--- ACTION ITEM ---
Your job is to return the whole listing unchanged while skipping its images.

--- RAW DATA ---
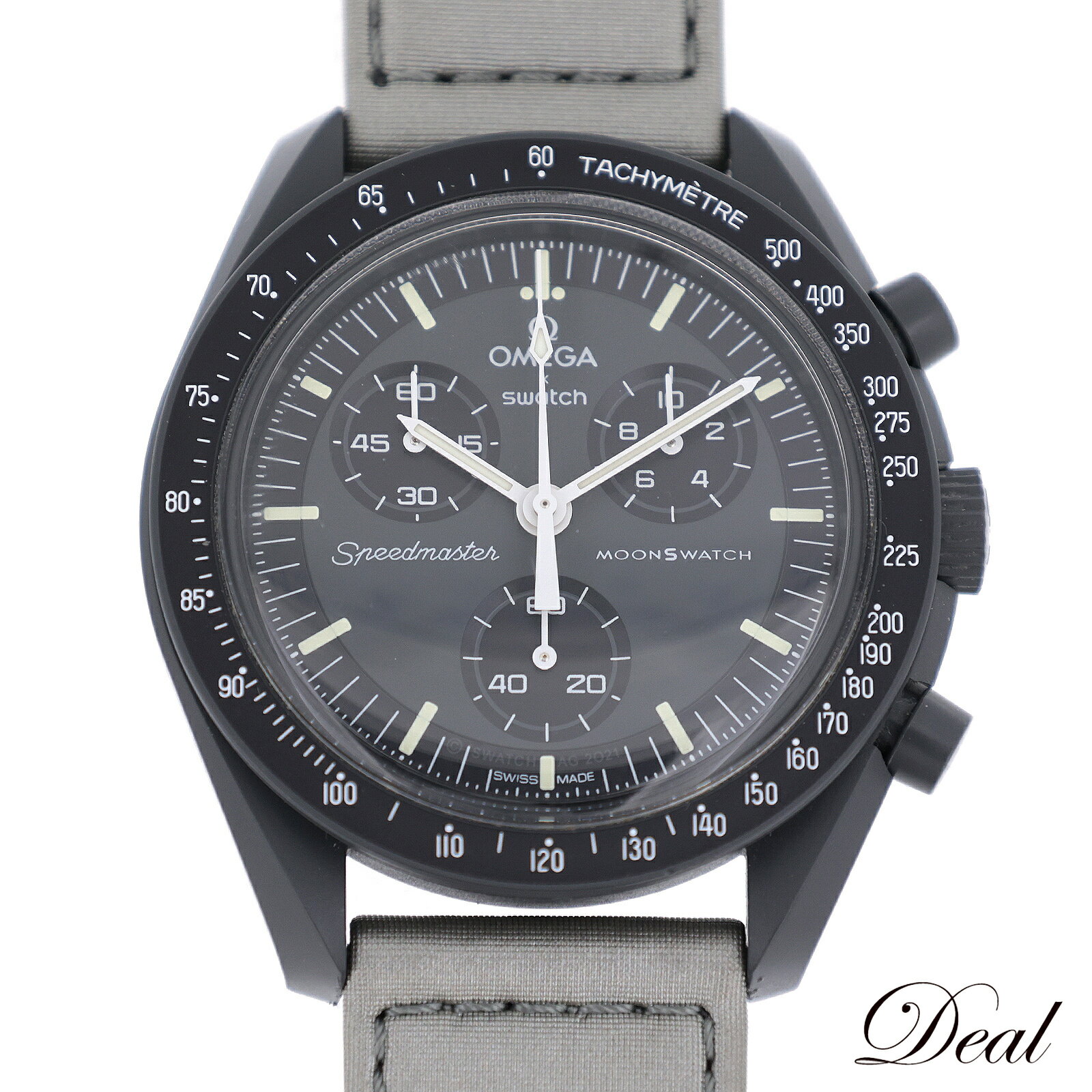 【未使用 展示品】オメガ OMEGA スウォッチ Swatch ミッション トゥ マーキュリー MISSION TO MERCURY スピードマスター ムーンスウォッチ クロノグラフ クォーツ 腕時計 ナイロン バイオセラミック ディープグレー メタリックグレー ブラック SO33A100 箱付
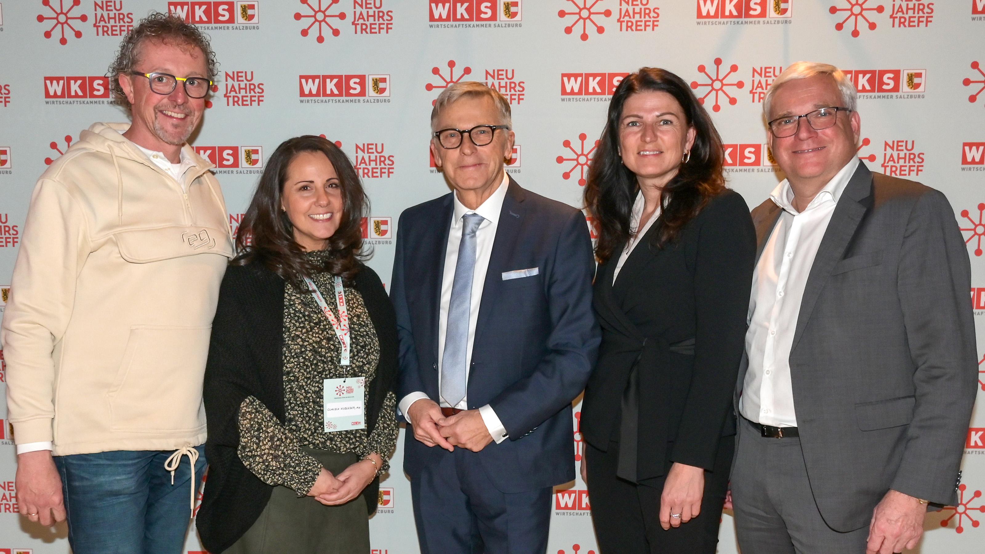 Bild: Beim Neujahrstreff im Schloss Goldegg (v. l.): Die Pongauer Unternehmer Thomas Wentz und Claudia Kobleder mit WKS-Präsident Peter Buchmüller, Bezirksstellenobfrau Elke Steinbacher sowie WKS-Direktor-Stv. Gerd Raspotnig.
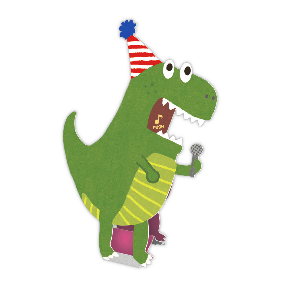 可愛い動物やキャラクターが自慢の歌声で誕生日をお祝いしてくれる「熱唱系アニマルズ」シリーズ。ダミ声が渋い恐竜がバースデーソングを熱唱します!
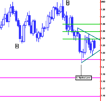 Комментарий. Консолидация в пределах треугольника говорит о том, что пара может продолжить движение в каком-либо ином направлении. Мы считаем, что евро ожидает прорыв вверх, однако сегодня это будет сделать трудно. Пробитие 1.2450 или закрытие дня выше 1.2400 укажет на завершение нисходящего движения.

--- ANSWER TO THIS EXERCISE ---
 【未使用 展示品】オメガ OMEGA スウォッチ Swatch ミッション トゥ マーキュリー MISSION TO MERCURY スピードマスター ムーンスウォッチ クロノグラフ クォーツ 腕時計 ナイロン バイオセラミック ディープグレー メタリックグレー ブラック SO33A100 箱付
 Bild: Beim Neujahrstreff im Schloss Goldegg (v. l.): Die Pongauer Unternehmer Thomas Wentz und Claudia Kobleder mit WKS-Präsident Peter Buchmüller, Bezirksstellenobfrau Elke Steinbacher sowie WKS-Direktor-Stv. Gerd Raspotnig.
 可愛い動物やキャラクターが自慢の歌声で誕生日をお祝いしてくれる「熱唱系アニマルズ」シリーズ。ダミ声が渋い恐竜がバースデーソングを熱唱します!
 Комментарий. Консолидация в пределах треугольника говорит о том, что пара может продолжить движение в каком-либо ином направлении. Мы считаем, что евро ожидает прорыв вверх, однако сегодня это будет сделать трудно. Пробитие 1.2450 или закрытие дня выше 1.2400 укажет на завершение нисходящего движения.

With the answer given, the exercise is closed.